Maybe that’s Jack’s problem: maybe he couldn’t decide, and he stared too deep into death before staggering back.

Tara says we shouldn’t have come here, and yeah, sure, but what good is that kind of hindsight going to do us now? When the lights first shot back on, she was convinced it was a joke, some bad-taste prank Kendall or I had decided to play on her. Like it hadn’t been Tara who suggested we break into the old abandoned missile silo in the first place. Like it hadn’t been Tara who’d showed up at Kendall’s dorm complete with maps of the area she’d swiped from her Air Force commander father. Like it hadn’t been Tara who insisted we all get high before hiking out. It’s all well and good to regret all of that now, but regret isn’t going to get us out of the bargain we all struck just to stay alive.
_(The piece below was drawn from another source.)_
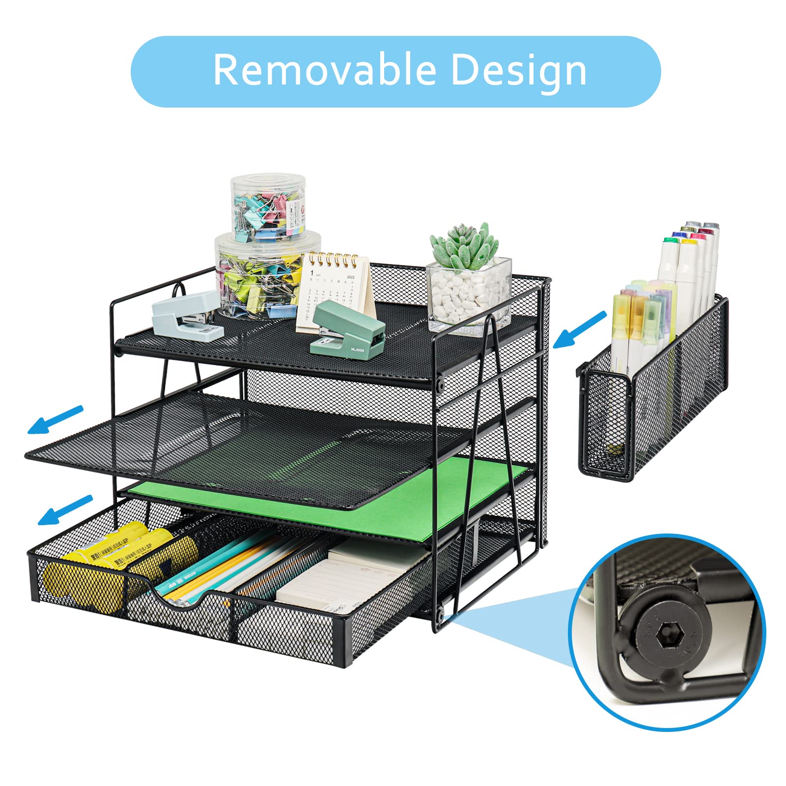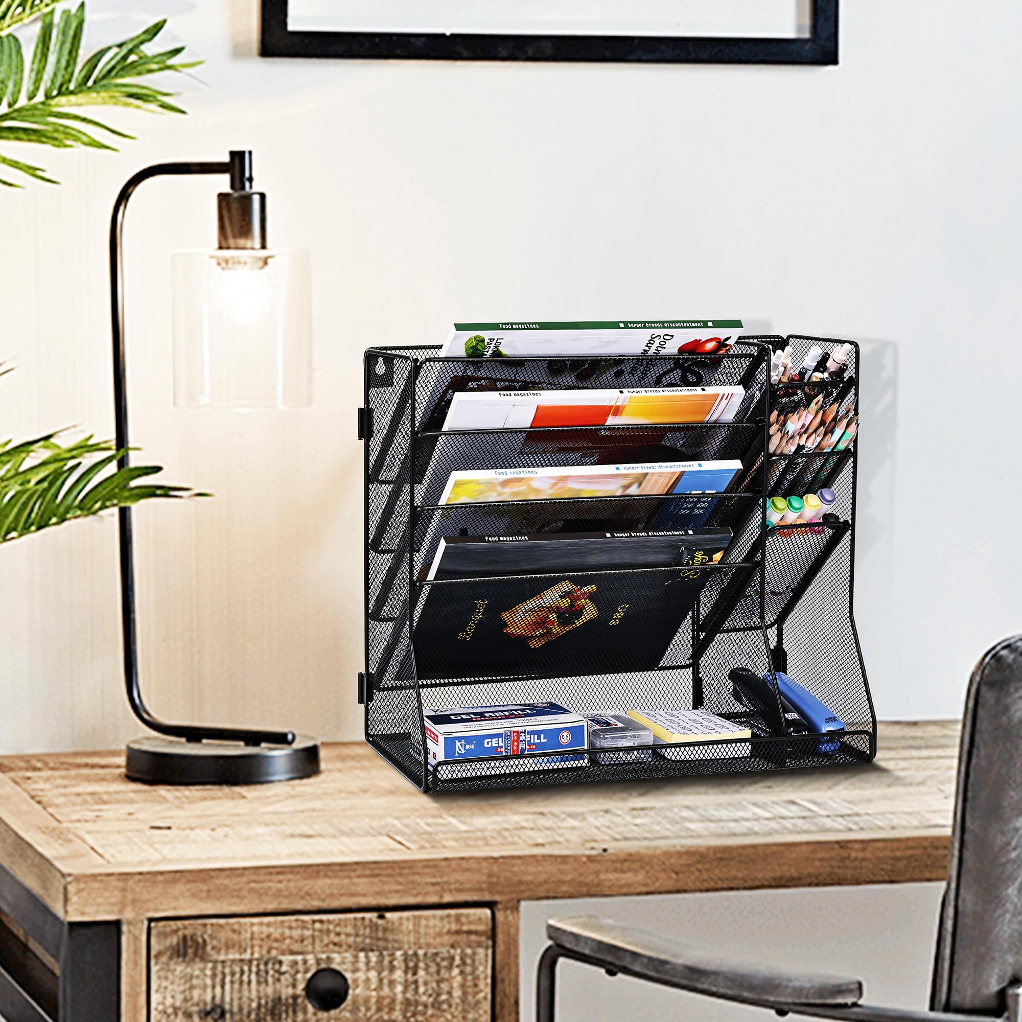 Rangement Vertical Gain De Place GDINDINFAN Organiseur Ural En Aille à Suspendre Pour Docuents En Organiseur Bureau Noir Antique PUNCIA Corbeilles à Courrier en Maille Métallique à 4 Niveaux Organiseur de bureau en maille métallique noire, 1 pièce, bureau... Parfait pour trier le courrier entrant et sortant, stocker des dossiers, organiser des reçus ou gérer les documents quotidiens. Idéal pour les bureaux, les écoles ou les espaces de travail à domicile, cet organiseur polyvalent aide à créer un système efficace pour gérer les documents et réduire l'encombrement du bureau. Organisation polyvalente : trieur de courrier de bureau à 4 compartiments avec tiroir, parfait pour organiser lettres, documents, fichiers et fournitures de bureau La construction en maille noire avec des accents antiques ajoute une touche professionnelle tout en gardant vos documents visibles et facilement accessibles. Construction durable : fabriqué à partir de matériau en maille métallique robuste dans une élégante finition noire/antique qui complète tout décor de bureau Design compact et vertical pour garder les documents soigneusement triés tout en optimisant l'utilisation de l'espace de bureau Dimensions pratiques : chaque compartiment mesure 6,3 cm de large, parfait pour les documents et dossiers de taille lettre standard Lot de 4 bacs à Papier epilables, bac à courrier pour Bureau, Support...

Because, sure, it’s tempting to think it’s some kind of prank, or the drugs, or some kind of shared delusion. I get that, believe me, I do.

But nobody who actually heard that evil son of a bitch talk to them would ever imagine it was anything except powerful and dangerous and infinite.

I’m not really satisfied with all of it. Elements like the “Master of Puppets” and abandoned missile silo are owed to the writing prompts, and I’d probably excise them completely or rework them considerably in any rewrite. But there’s something here, in my head if not on the page, that I think I’d like to revisit.

The same way I’ll probably revisit Prometheus when it comes out on DVD. I think a director and/or screenwriter commentary could be really quite interesting in this case.